--- Data extracts Enclosed Below ---

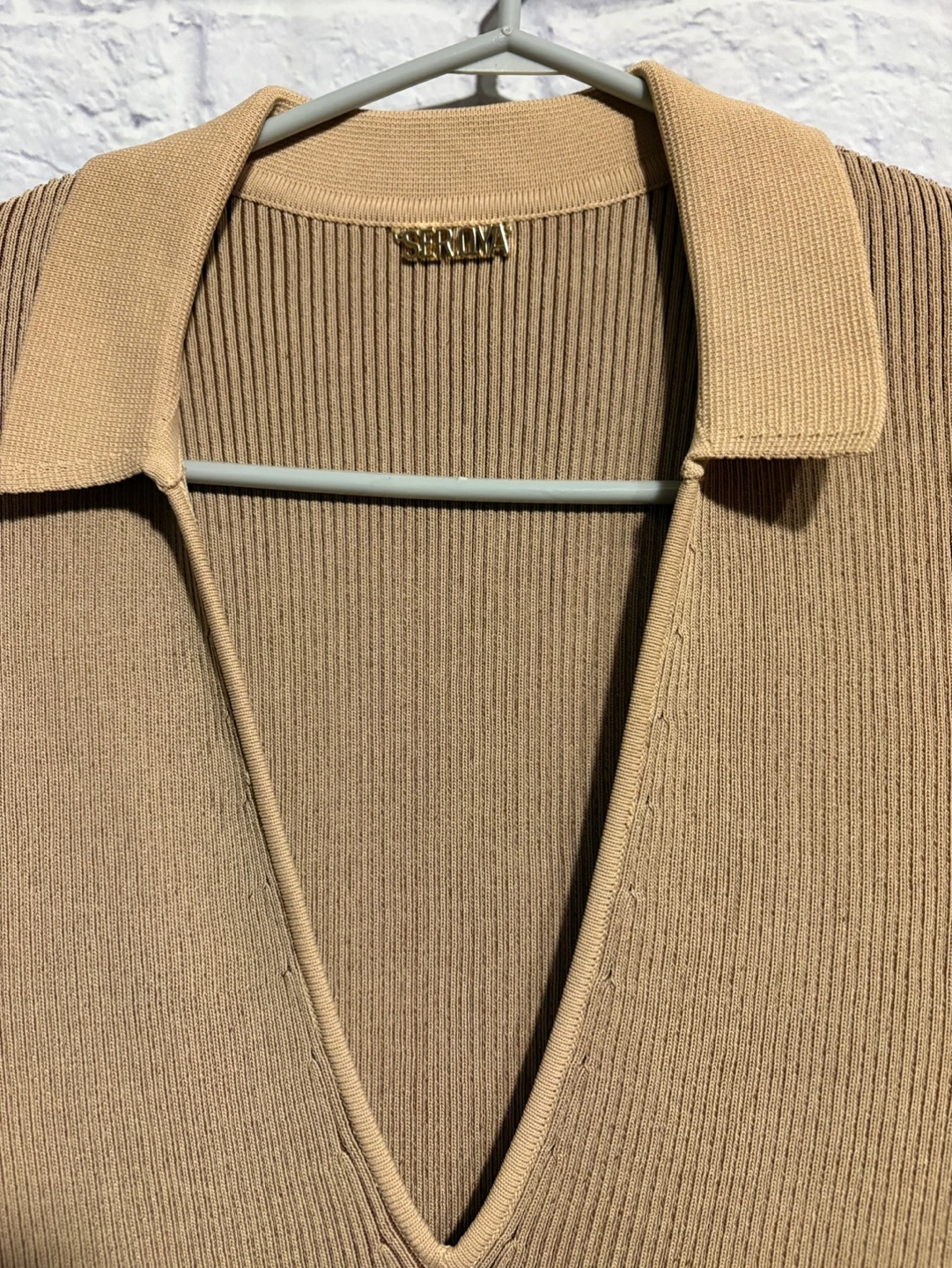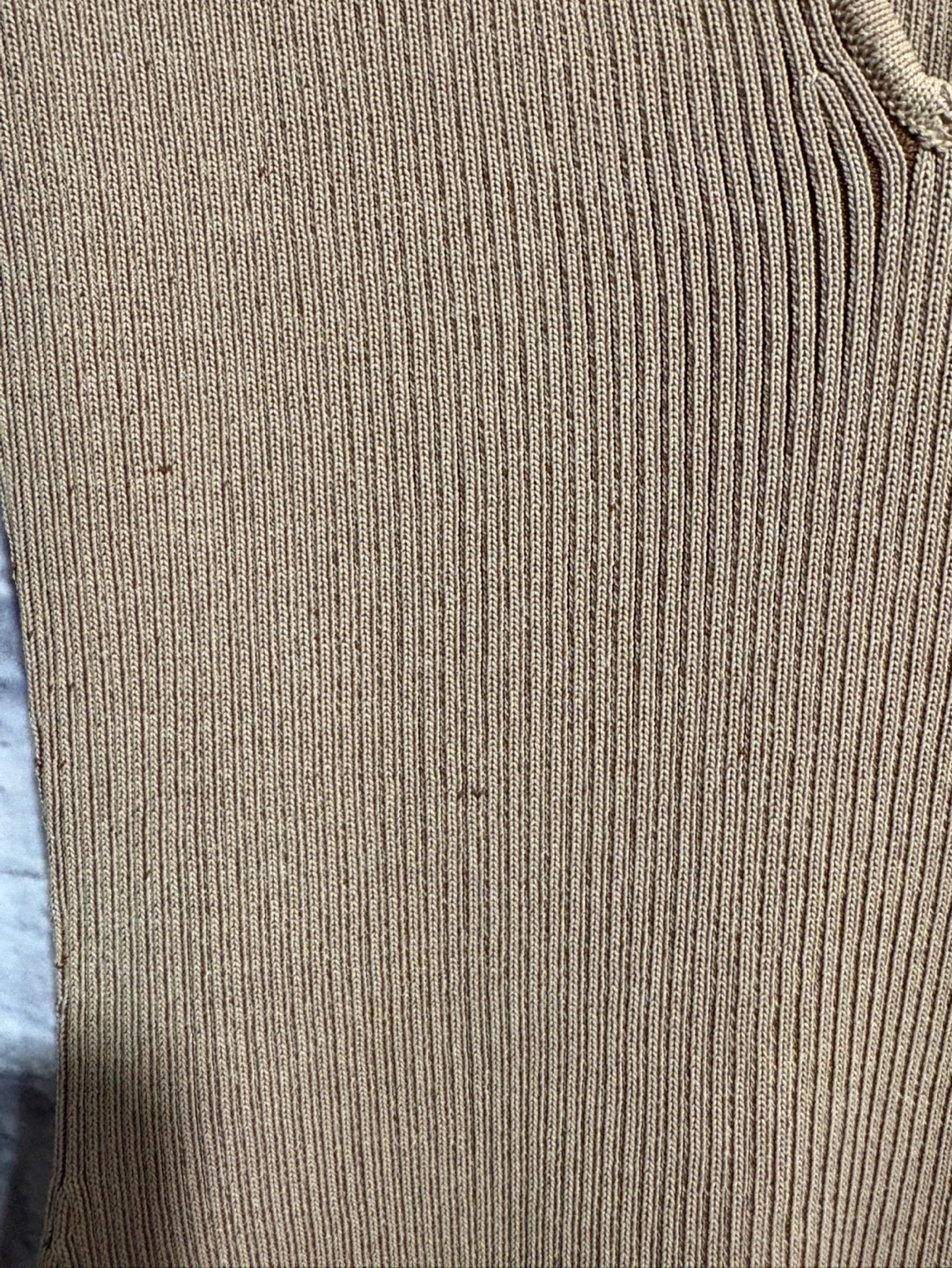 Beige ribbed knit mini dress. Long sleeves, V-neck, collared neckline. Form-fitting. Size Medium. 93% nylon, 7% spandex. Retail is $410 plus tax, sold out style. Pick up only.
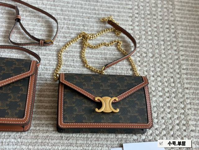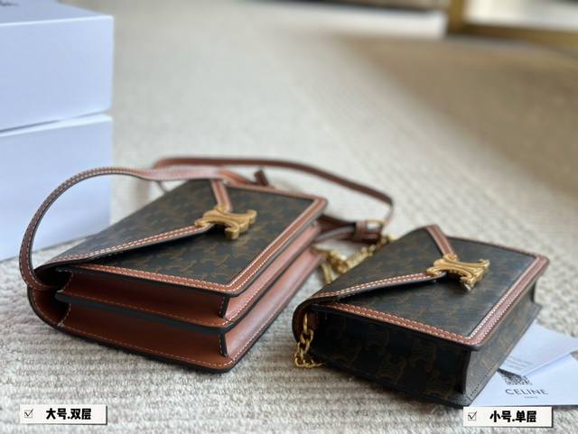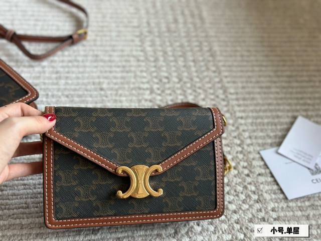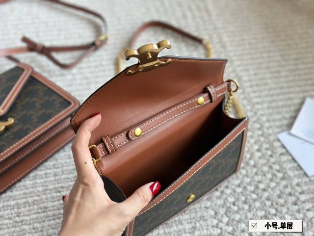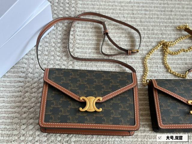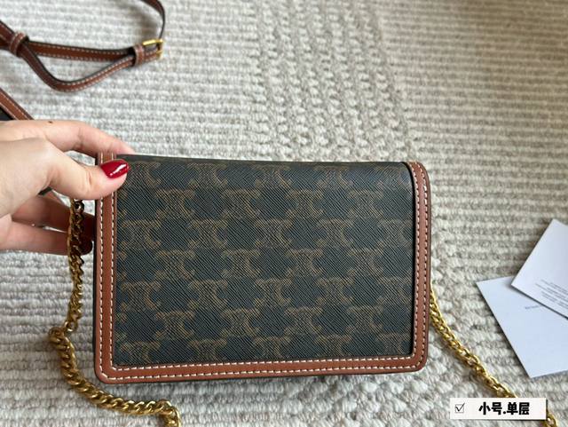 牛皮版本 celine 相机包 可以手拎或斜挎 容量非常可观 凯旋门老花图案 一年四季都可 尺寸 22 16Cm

--- End of Enclosed Data extracts ---
--- Data extracts Enclosed Below ---

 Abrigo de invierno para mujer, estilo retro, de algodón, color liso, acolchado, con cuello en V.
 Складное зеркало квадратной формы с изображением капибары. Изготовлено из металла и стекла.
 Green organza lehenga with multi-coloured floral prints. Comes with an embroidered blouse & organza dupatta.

--- End of Enclosed Data extracts ---
--- Data extracts Enclosed Below ---

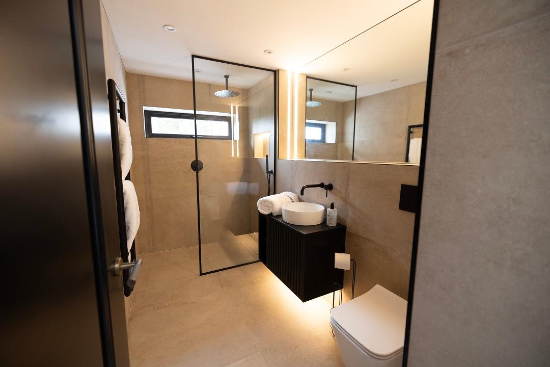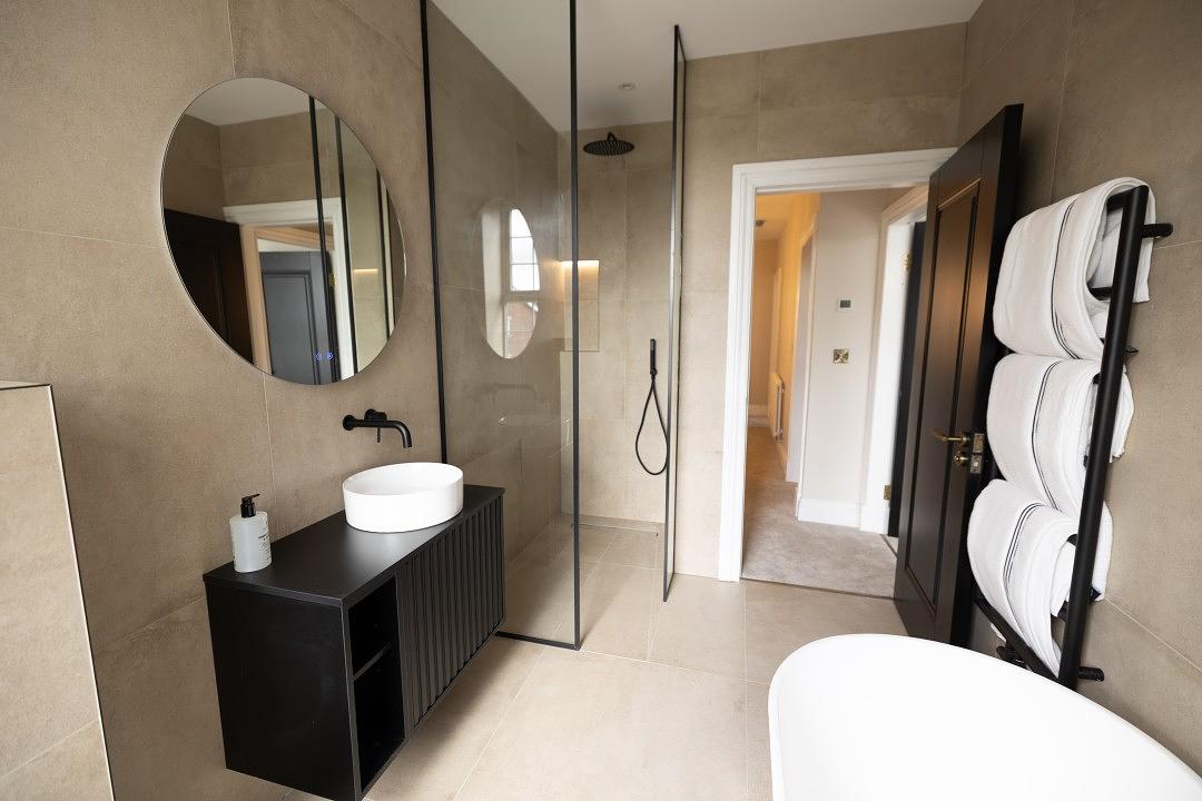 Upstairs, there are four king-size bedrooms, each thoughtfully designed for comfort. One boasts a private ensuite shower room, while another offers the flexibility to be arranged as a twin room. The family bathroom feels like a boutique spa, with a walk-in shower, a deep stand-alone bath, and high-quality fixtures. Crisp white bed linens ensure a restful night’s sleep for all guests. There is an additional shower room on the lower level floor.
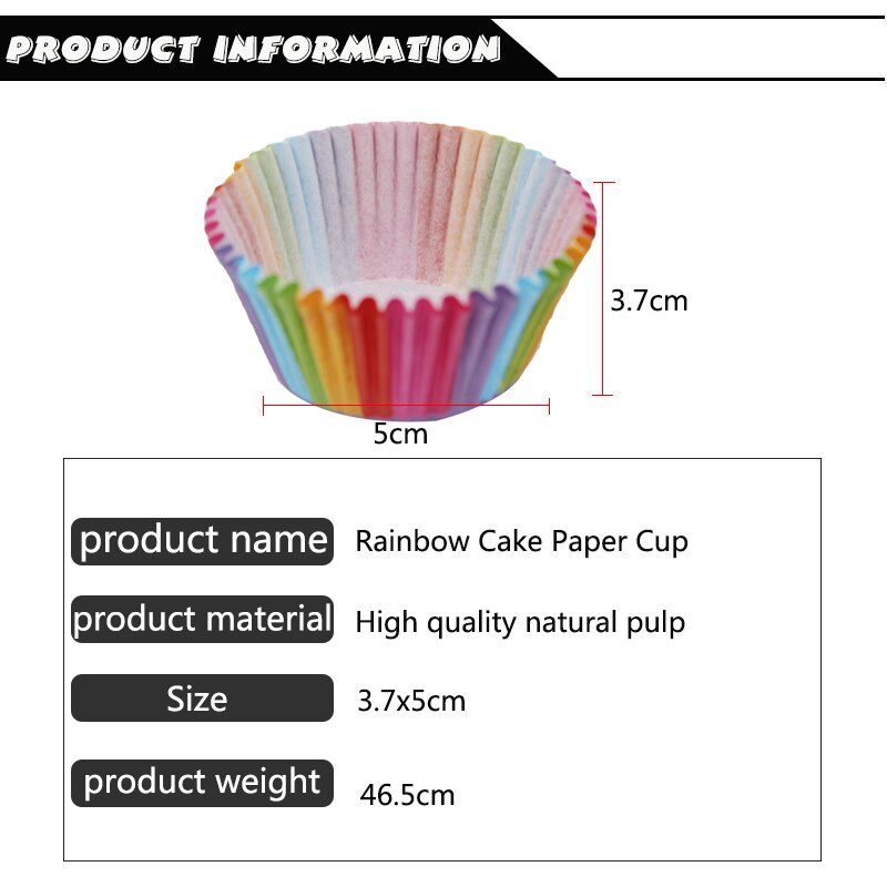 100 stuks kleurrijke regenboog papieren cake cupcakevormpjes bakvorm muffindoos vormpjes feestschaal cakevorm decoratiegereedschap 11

--- End of Enclosed Data extracts ---

### What the exercise asks
With the pictures omitted, print the lines above exactly, beginning at the line with "Upstairs, there are" and going on through the line with "100 stuks kleurrijke".

### Reply
 Upstairs, there are four king-size bedrooms, each thoughtfully designed for comfort. One boasts a private ensuite shower room, while another offers the flexibility to be arranged as a twin room. The family bathroom feels like a boutique spa, with a walk-in shower, a deep stand-alone bath, and high-quality fixtures. Crisp white bed linens ensure a restful night’s sleep for all guests. There is an additional shower room on the lower level floor.
 100 stuks kleurrijke regenboog papieren cake cupcakevormpjes bakvorm muffindoos vormpjes feestschaal cakevorm decoratiegereedschap 11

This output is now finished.